Bu dönemde yaşadığımız bu Alçalış’ın öngörülebilir bir Diriliş Bayramı bile yok. ‘Şu kadar gün kaldı’ bile diyemiyoruz. Bir sakinlik var ama bu dinlenmenin değil, bekleyiş içindeki endişeli bir hüznün sakinliğidir.

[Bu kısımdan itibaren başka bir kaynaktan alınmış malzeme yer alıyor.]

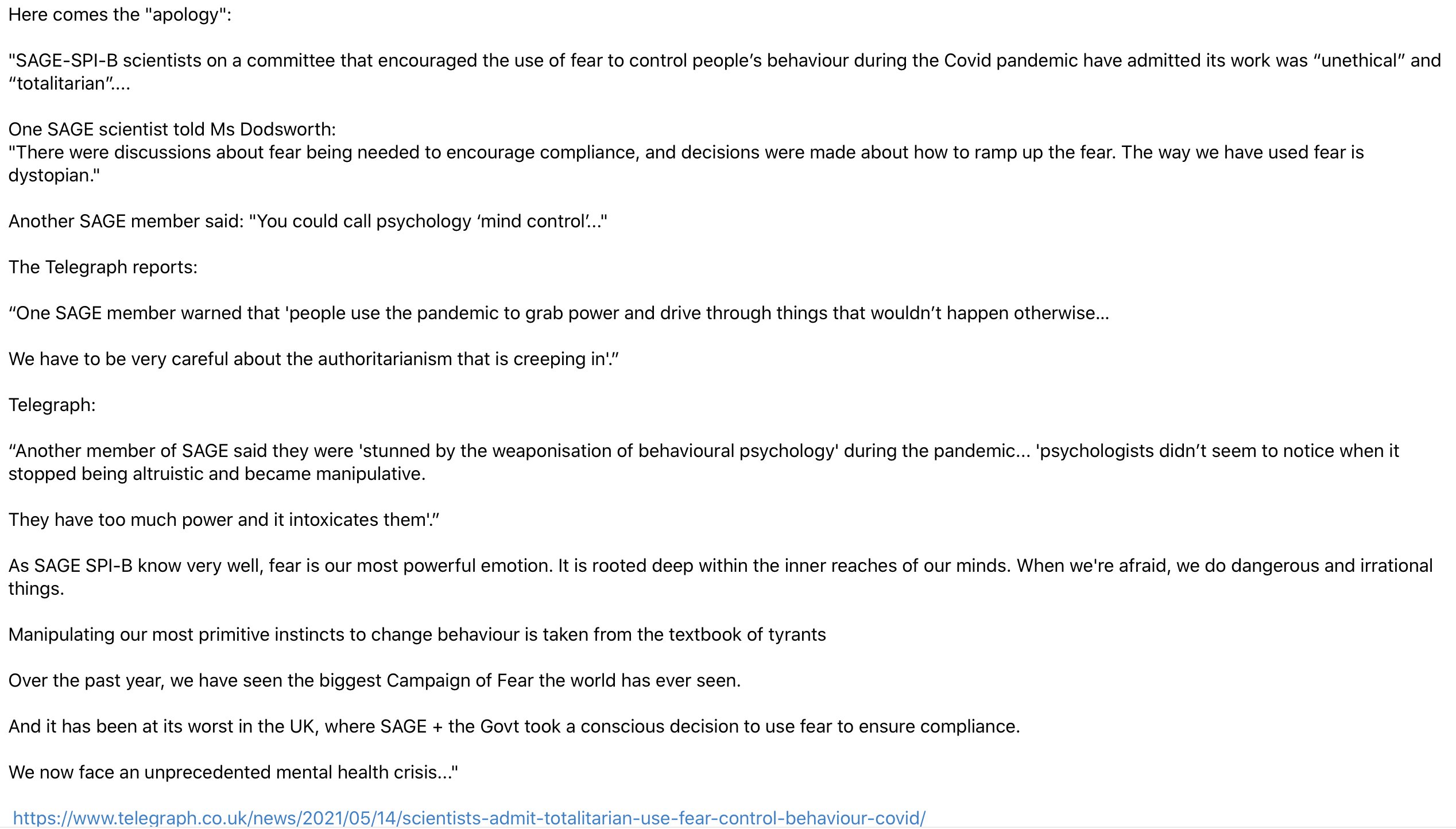 174/210: Urheber war die inzwischen berüchtigte „Scientific Pandemic Influenza Group on Behaviours" (SPI-B), die ein Gutachten für „Scientific Advisory Group for Emergencies" (Sage) erstellte. Psychologen reichten nun dagegen @BPSOfficial Beschwerde ein. archive.is/nJ14Y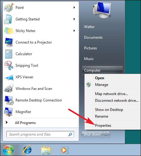 Hvis du bruker Windows 7 eller Windows Vista, trykker du på Start, høyreklikker på "Datamaskin" og velger deretter "Egenskaper".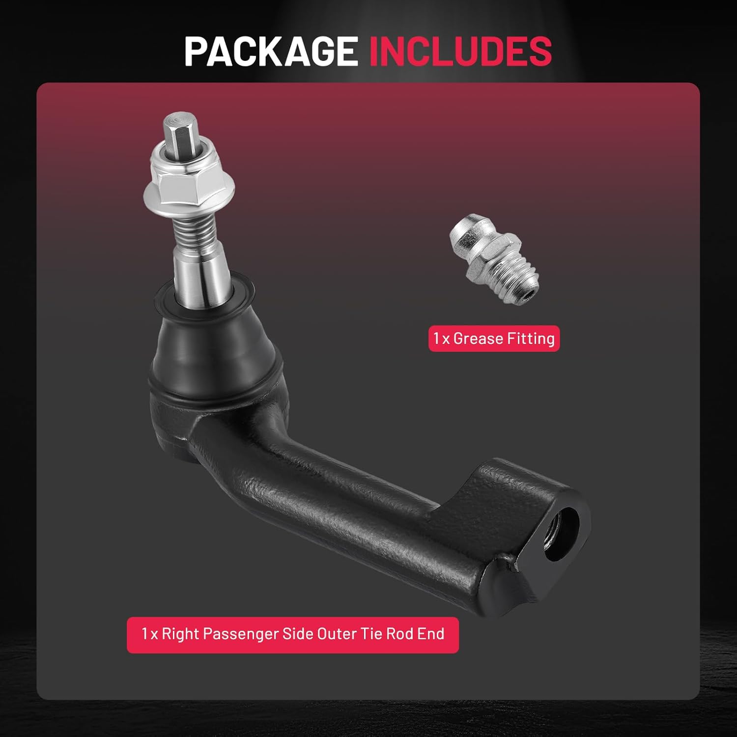【Tie Rod Ends Kit Include】1 x ES800514 Front Right Passenger Side Outer Tie Rod End, 1 x Grease Fittings.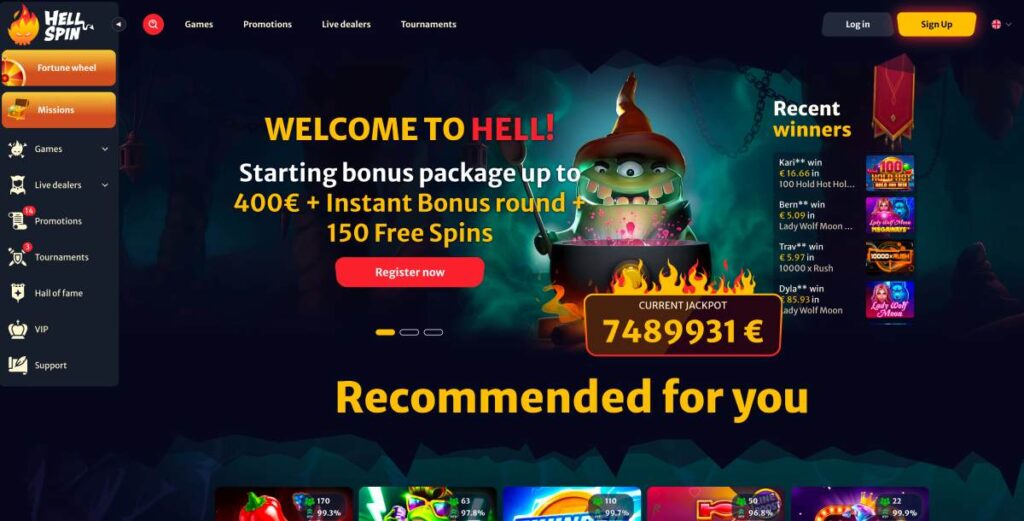 Vitajte v ríši, kde sa zábava snúbi s rizikom a ohnivá tematika nie je len na okrasu. HellSpin Casino je pomerne nový hráč na poli online hazardu, ktorý svoju bránu otvoril v roku 2022 . Za jeho vznikom stojí spoločnosť TechOptions Group B.V., operátor s bohatým portfóliom podobných projektov, čo je zárukou, že v pozadí nestojí žiadna neznáma firma. Ako sa na poriadne peklo patrí, dizajn je temný, miestami až dramatický, s výraznými ohnivými akcentami, ktoré vytvárajú nezameniteľnú atmosféru.

Şüphesiz, duymaya alışık olduğumuz bir takım sesler Tanrı’nın bize bunu neden yaptığını açıklamaya çalışacaktır. Bir ceza mı? Bir uyarı mı? Belki de bir işaret. Bu tür Hristiyanımsı refleksif tepkiler, nesiller önce rasyonalizmi (mantıkçılığı) kucaklamış bir kültürün sonucudur. Bu bakış açısına göre her şeyin bir açıklaması olmalı. Peki ama ya öyle değilse? Ya gerçek anlamdaki insani bilgelik, bir takım garip gurup spekülasyonları paketleyip ‘tamamdır, değil mi?’ demek değilse? Ya T. S. Eliot’un 1940’lu yılların başında fark ettiği üzere verilebilecek tek öğüt yanlış şeyi ummamak adına umut etmeden beklemekse?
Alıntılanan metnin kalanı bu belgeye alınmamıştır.